Run the Segmentation Test
The following script exports a segmentation model if needed, opens camera 0 through a GStreamer pipeline, and runs YOLOv8 segmentation frame by frame:
import os
import cv2
from ultralytics import YOLO
import time
model = YOLO("yolov8m-seg.pt")
if not os.path.exists("yolov8m-seg.engine"):
model.export(format="engine")
trt_model = YOLO("yolov8m-seg.engine")
def gstreamer_pipeline(capture_width=1920, capture_height=1080,
framerate=30, flip_method=0,
display_width=640, display_height=480):
return (
"nvarguscamerasrc ! "
"video/x-raw(memory:NVMM), "
"width=(int)%d, height=(int)%d, "
"format=(string)NV12, framerate=(fraction)%d/1 ! "

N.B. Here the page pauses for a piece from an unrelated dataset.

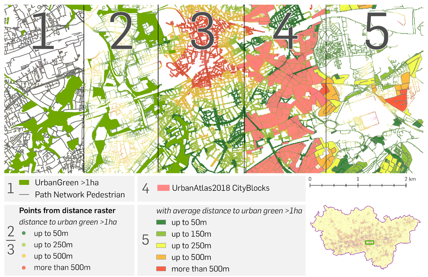 Ein weiteres Beispiel aus der aktuellen Forschung der Ruhr-Universität-Bochum zeigt, wie Satellitendaten zu einem gleichberechtigten Zugang zu städtischen Grünflächen beitragen können. „Ich habe im Rahmen meiner wissenschaftlichen Forschung eine umfassende Netzwerkanalyse durchgeführt, bei der allen (auch teilweise) bewohnten Baublöcken im Ruhrgebiet eine Klasse zugewiesen wurde, die die Distanz zu urbanen Grünflächen einer bestimmten Größe repräsentiert“, erklärt Moos.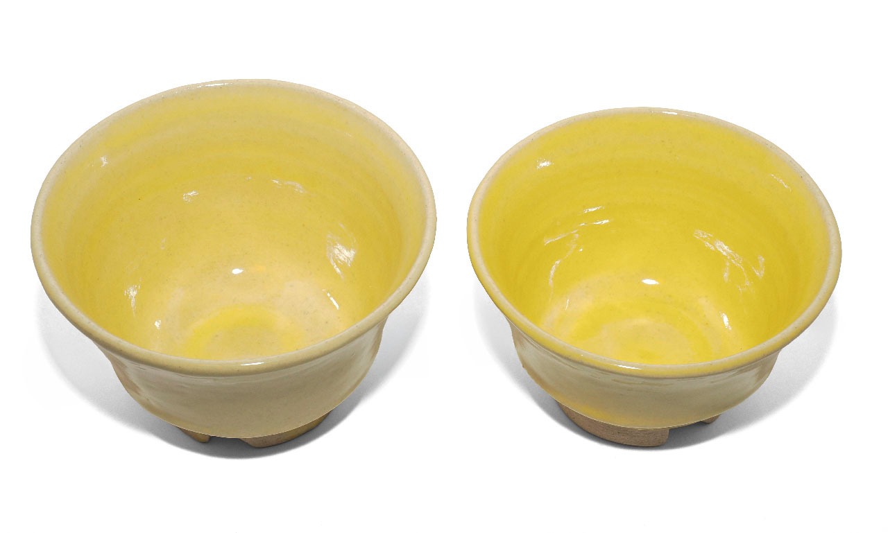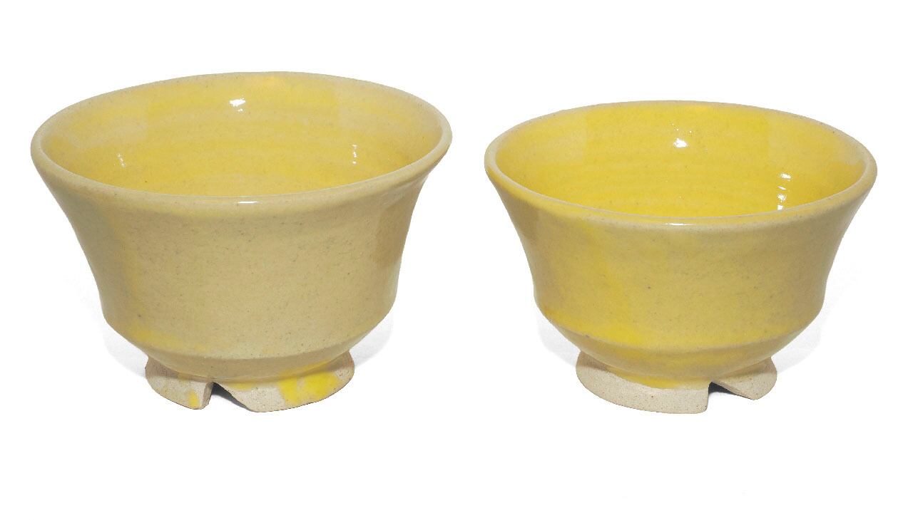 夫婦茶碗 白土・レモン色釉 26-2-23

"nvvidconv flip-method=%d ! "
"video/x-raw, width=(int)%d, height=(int)%d, format=(string)BGRx ! "
"videoconvert ! "
"video/x-raw, format=(string)BGR ! appsink"
% (
capture_width,
capture_height,
framerate,
flip_method,
display_width,
display_height,
)
)
video_cap = cv2.VideoCapture(gstreamer_pipeline(), cv2.CAP_GSTREAMER)
while video_cap.isOpened():
success, frame = video_cap.read()
if success:
start = time.perf_counter()
results = trt_model(frame)
end = time.perf_counter()
fps = 1 / (end - start)
annotated_frame = results[0].plot()
annotated_frame = cv2.cvtColor(annotated_frame, cv2.COLOR_RGB2BGR)
cv2.putText(
annotated_frame,
f"FPS: {fps:.2f}",
(10, 30),
cv2.FONT_HERSHEY_SIMPLEX,
1,
(0, 255, 0),
2,
cv2.LINE_AA,
)
cv2.imshow("frame", annotated_frame)
if cv2.waitKey(1) & 0xFF == ord("q"):
break
else:
break
video_cap.release()
cv2.destroyAllWindows()
If everything is wired correctly, the result looks like this:
Common Runtime Issues
libffi / p11-kit Symbol Errors
sudo apt install --reinstall libffi7 libp11-kit0
sudo apt list --installed | grep libffi
sudo find /usr -name libffi.so.7
ln -sf /your/path/to/libffi.so.7 ~/anaconda3/envs/[your_env_name]/lib/libffi.so.7
libgomp.so.1: cannot allocate memory in static TLS block
This is a common ARM-side runtime problem. The usual workaround is:
export LD_PRELOAD=/usr/lib/aarch64-linux-gnu/libgomp.so.1
Or inside Python:
import os
os.environ["LD_PRELOAD"] = "/usr/lib/aarch64-linux-gnu/libgomp.so.1"
import cv2
GStreamer Plugin Cache Problems
If you see warnings about libgstlibav.so failing to load:
rm -rf ~/.cache/gstreamer-1.0/
This is usually enough to clear the stale cache and let GStreamer rebuild it.
At this point, you have moved from a static-image TensorRT export into a live Jetson camera inference pipeline, which is where the platform starts to feel genuinely useful.